Development of a test solution (TDD) for web clips

Question

Development of a test solution (TDD) for web clips

Summary

I have Python based on a pet cleaning web project, which I am trying to implement in some TDDs, but I quickly ran into a problem. In unit tests, an Internet connection is required, as well as downloading html text. Although I understand that actual parsing can be done using a local file, some methods are used to simply redefine the URL and re-request the website. This seems to violate some of the best TDD practices (quote: “Clean Code” by Robert Martin claims that tests should be run in any environment). Although this is a Python project, I ran into a similar problem using R to scramble Yahoo Finance, and I'm sure these kinds of things are not language agnostics. At the very least, this problem seems to violate the basic guidance in TDD, which is that tests should run quickly.

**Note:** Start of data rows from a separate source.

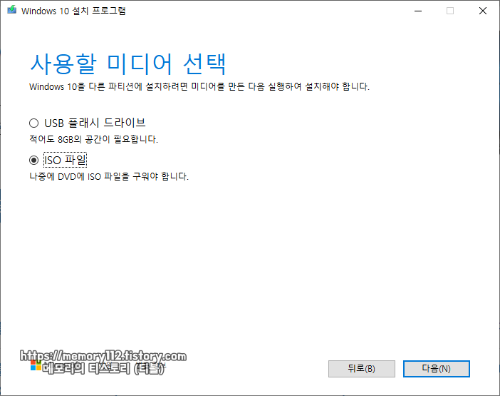 참고로 "USB 플래시 드라이브"를 선택하면 윈도우10 ISO 파일을 바로 USB로 마운트 시킬 수 있습니다. (8기가 이상의 USB 필요)
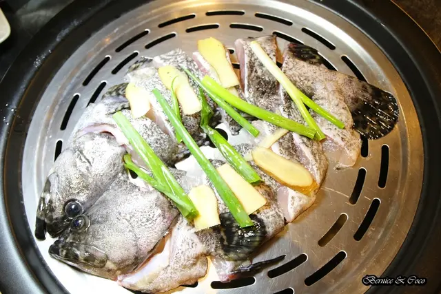 新鮮的龍虎斑用薑和蔥覆蓋後蒸煮
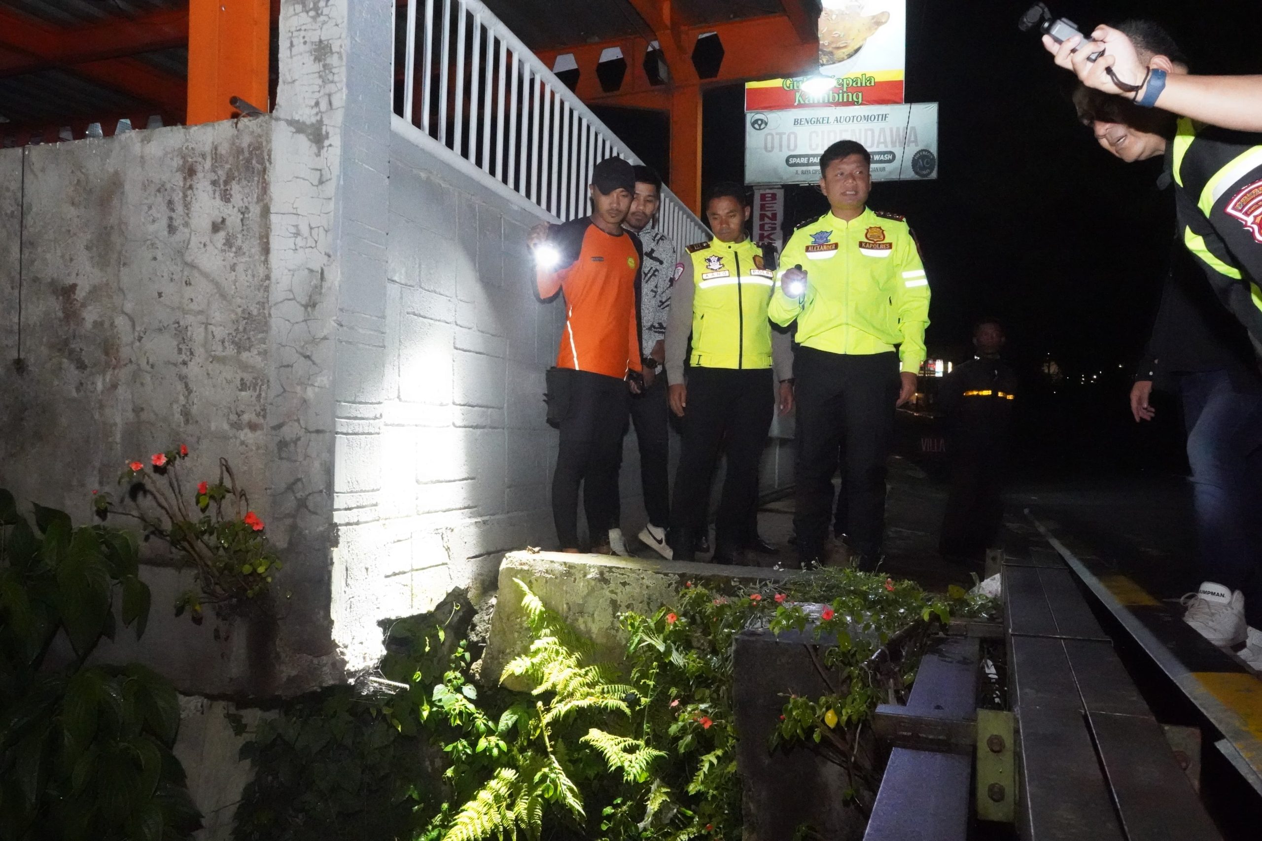 Gambar Istimewa: Kapolres Cianjur bersama tim Basarnas dan BPBD Cianjur meninjau lokasi kecelakaan sepasang pengendara yang terjatuh ke saluran drainase di Desa Cipendawa
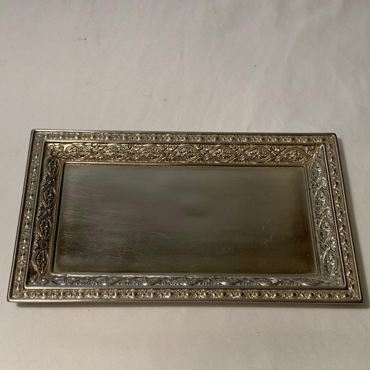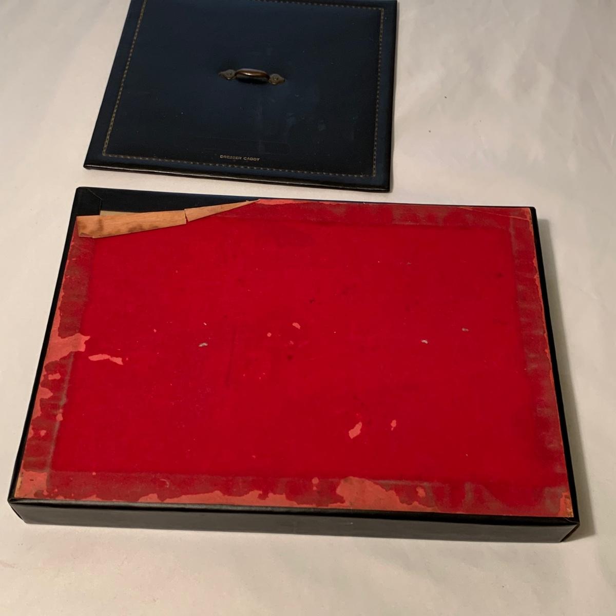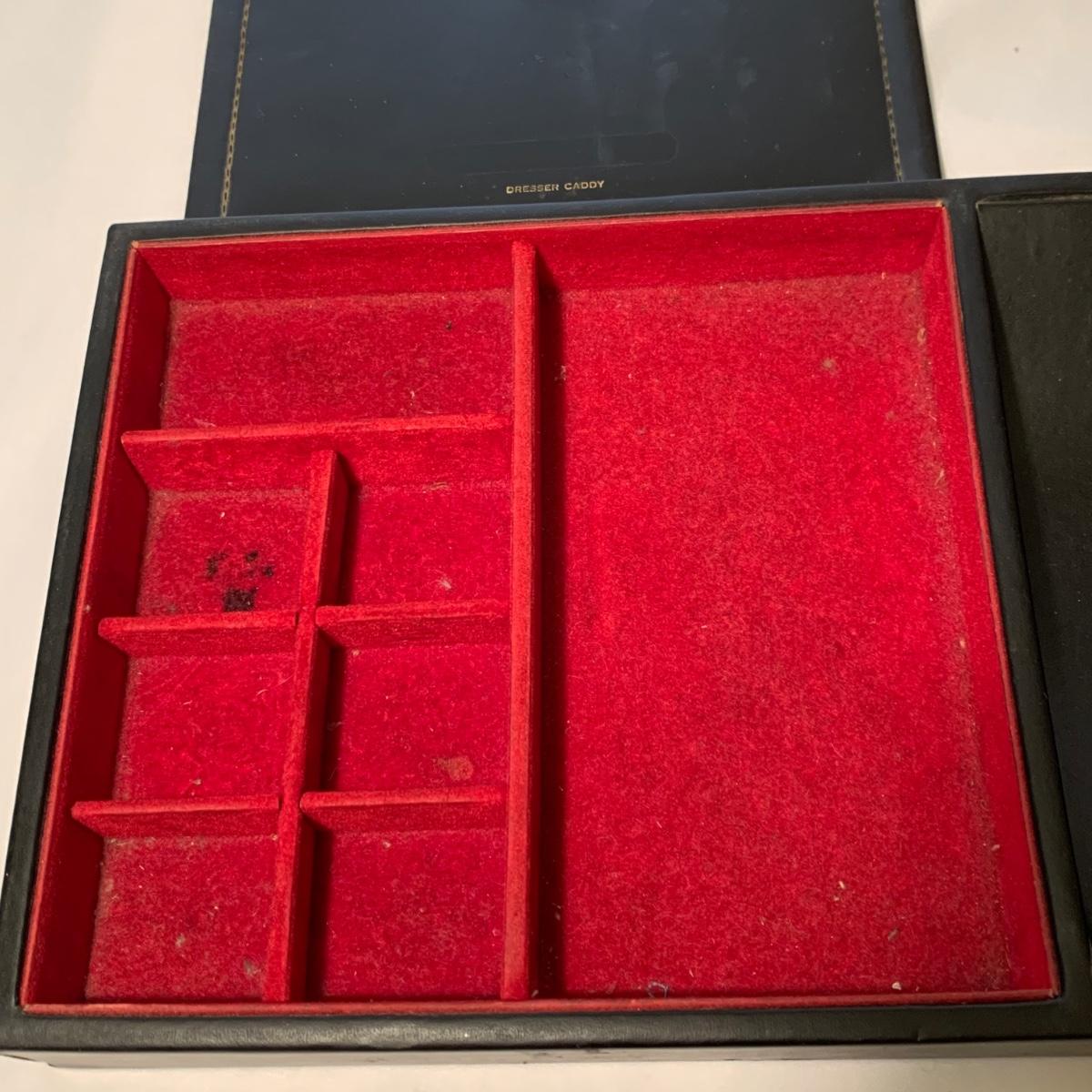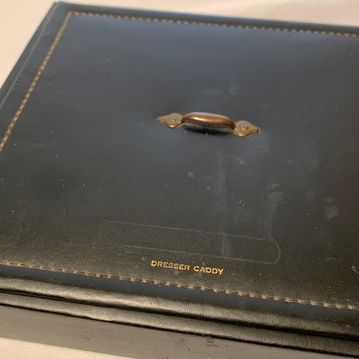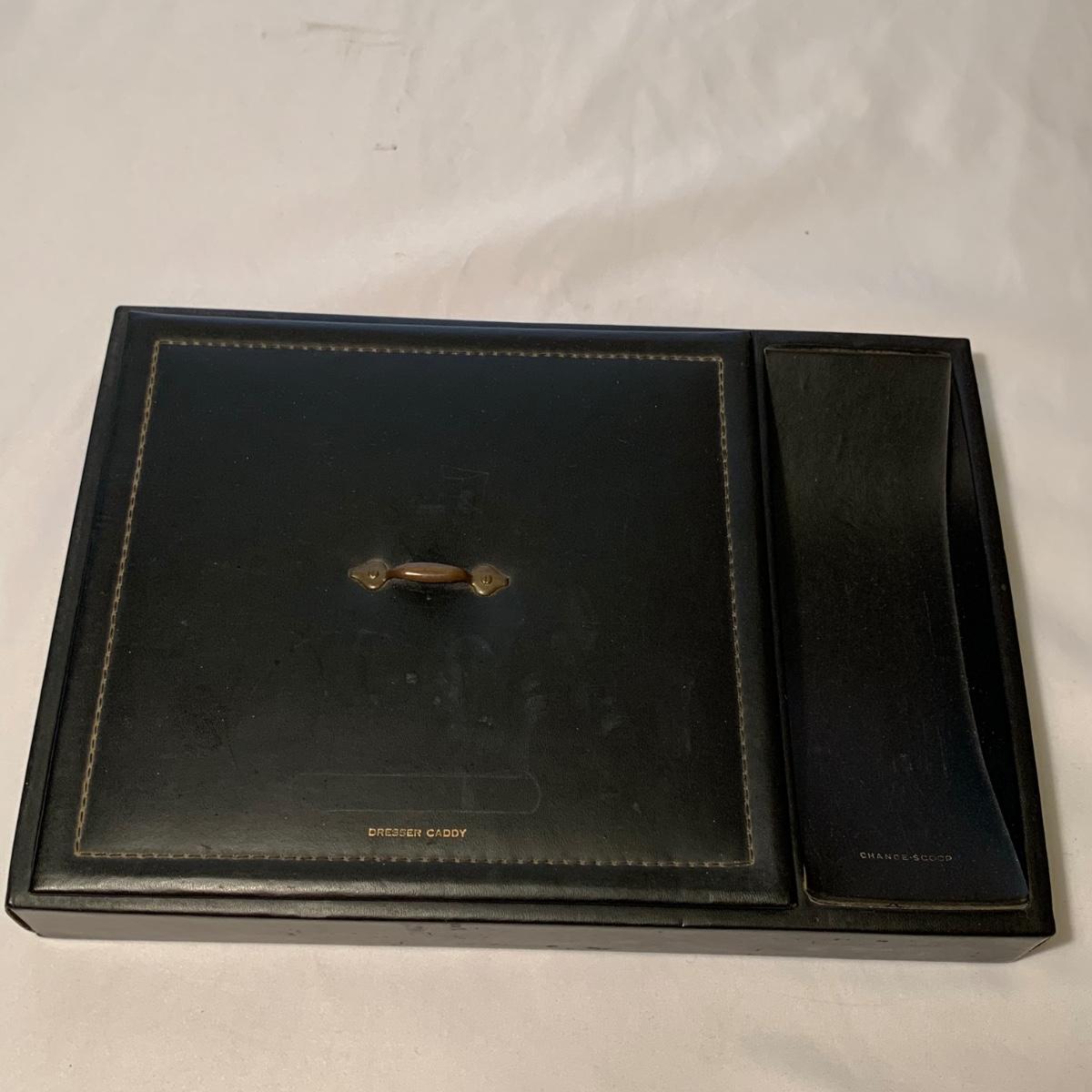 A vintage dresser caddy with a change scoop. Caddy feels like it’s leather and has a soft red inner lining. It measures 11.5” x 8” x 1.5”. It is used and shows some wear and dust inside. Two unique tie tacks and two animal pins. Two pocketknives, both with a little rust. One pair of vintage ornate tweezers. A small rectangular jewelry case that appears to be unused. A small round lidded Brazilian made wooden box and a nickel colored cambria tray. Shipping available.
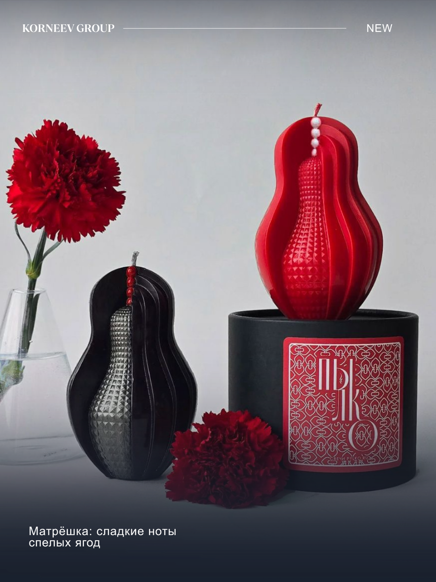 🍯❤️ Korneev Group представляет: аромасвечи, которые пробуждают лучшие воспоминания. Это не просто свечи. Это — мгновения русской сказки, воплощённые в изящных формах: • Матрёшка: сладкие ноты спелых ягод. • Кокошник: тонкие ароматы лугового мёда и полевых цветов. • Банка сгущёнки: тепло бабушкиной выпечки и беззаботное детство. • Упаковка советского печенья: ванильно-сливочное облако ностальгии. Создано с душой, для вашего уюта. При поддержке локального производства. Откройте для себя магию родных ароматов в «YouПитер».
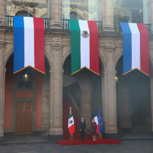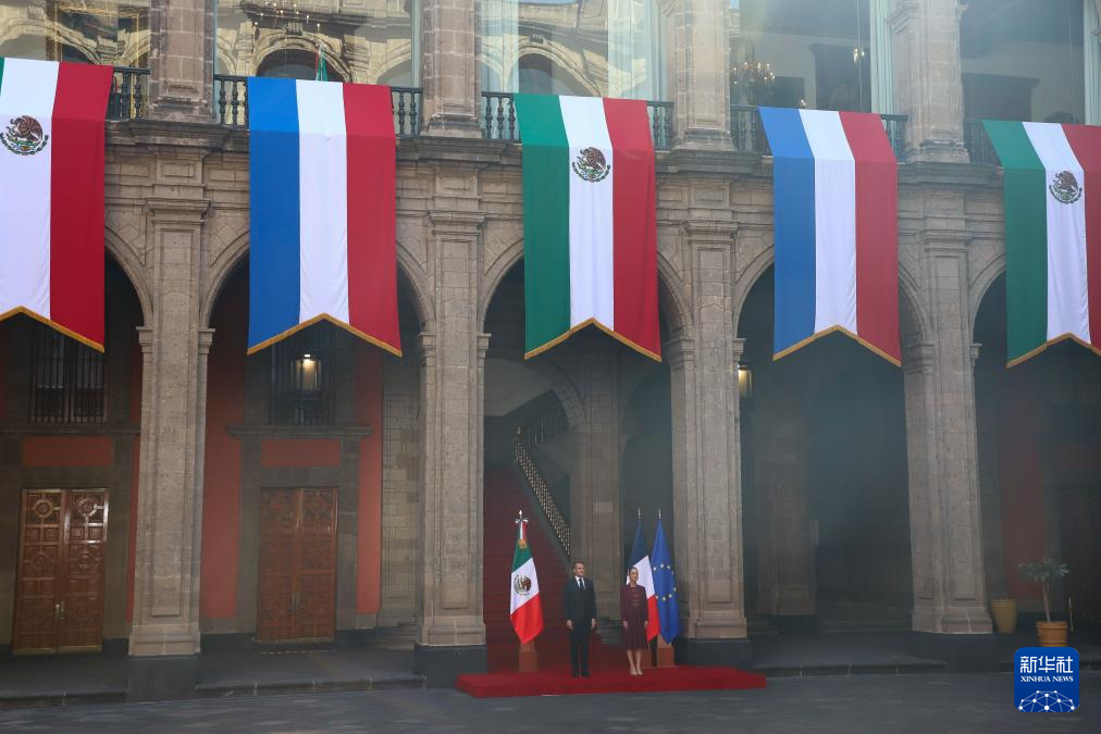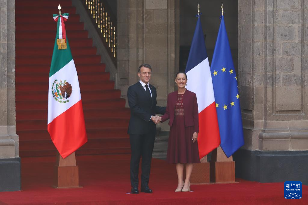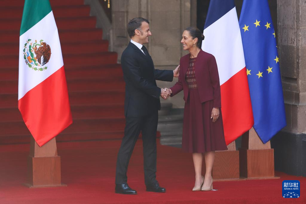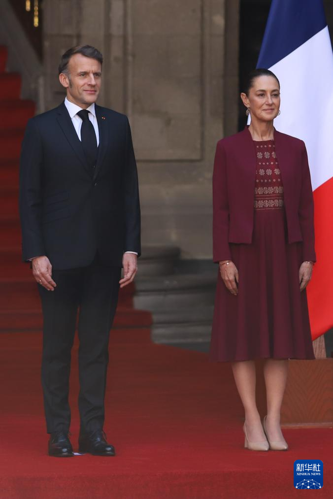 11月7日,在墨西哥首都墨西哥城,墨西哥总统辛鲍姆(右)举行仪式,欢迎到访的法国总统马克龙。
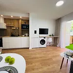 A szobák egy teraszra nyílnak, valamint rendelkeznek íróasztallal, kávé/teafőzővel és síkképernyős műholdas TV-vel. 1 hálószobából, teljesen felszerelt konyhából, illetve 1 fürdőszobából áll. A fürdőszobákban van: külön WC és zuhanyzó.
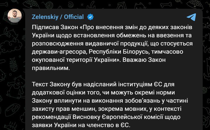 Зеленский подписал закон о запрете российской издательской продукции в Украине
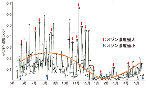 図2 松林で観測された大気中α-ピネン濃度の季節変化(国立環境研究所敷地内、午前11時、1980年5月~1981年5月)
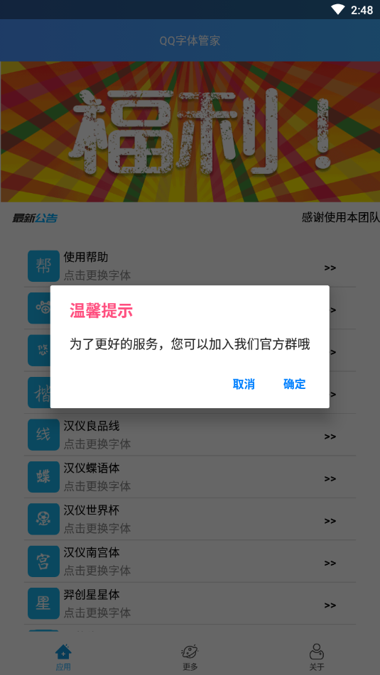 AAQQ字体管家app是一款专为QQ用户打造的个性化字体美化工具,提供海量免费字体资源。通过简洁直观的操作界面,用户可以轻松实现一键下载、快速替换,让聊天界面焕然一新。软件收录了200余款风格各异的精美字体,涵盖手写体、艺术体、卡通体等多种类型,每日更新不断,确保您的QQ聊天字体永远保持新鲜感。所有功能完全免费开放,无需任何会员订阅,让每位用户都能尽情享受字体更换的乐趣。
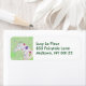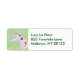 Étiquette d'adresse de retour avec une licorne blanche sur un arrière - plan vert.
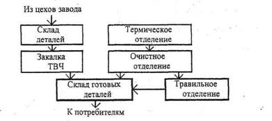 1.1.6. Термический цехЦех предназначен для обработки чистовых деталей после механической обработки, а также сварных узлов и прокатных валков. Детали, поступившие в цех, размещаются на складе в соответствии с требуемой технологией обработки с нагревательными печами, закалочными ваннами, а также печи для специальных видов обработки (цементация, азотирование, цианирование и т.п.). После обработки часть деталей поступает в очистное отделение, затем в травильное, далее на участок технического контроля и на склад. Для проведения поверхностной закалки деталей цех имеет специализированный участок. Готовые детали проверяются службой технического контроля и поступают на склад готовой продукции. Цех обслуживается мостовыми кранами и напольными безрельсовыми тележками. Схема технологического процесса приведена на рис. 1.6. Таблица 1.6Характеристика термического цеха

TL; DR; Are there any recommendations for working with network connections in TDD?

Reproducible example

AbstractScraper.py

from urllib.request import urlopen
from bs4 import BeautifulSoup


class AbstractScraper:

    def __init__(self, url):
        self.url = url
        self.dataDictionary = None

    def makeDataDictionary(self):
        html = urlopen(self.url)
        text = html.read().decode("utf-8")
        soup = BeautifulSoup(text, "lxml")
        self.dataDictionary = {"html": html, "text": text, "soup": soup}

    def writeSoup(self, path):
        with open(path, "w") as outfile:
            outfile.write(self.dataDictionary["soup"].prettify())

TestAbstractScraper.py

import unittest
from http.client import HTTPResponse
from bs4 import BeautifulSoup
from CrackedScrapeProject.scrape.AbstractScraper import AbstractScraper
from io import StringIO


class TestAbstractScraperMethods(unittest.TestCase):

    def setUp(self):
        self.scraper = AbstractScraper("https://docs.python.org/2/library/unittest.html")
        self.scraper.makeDataDictionary()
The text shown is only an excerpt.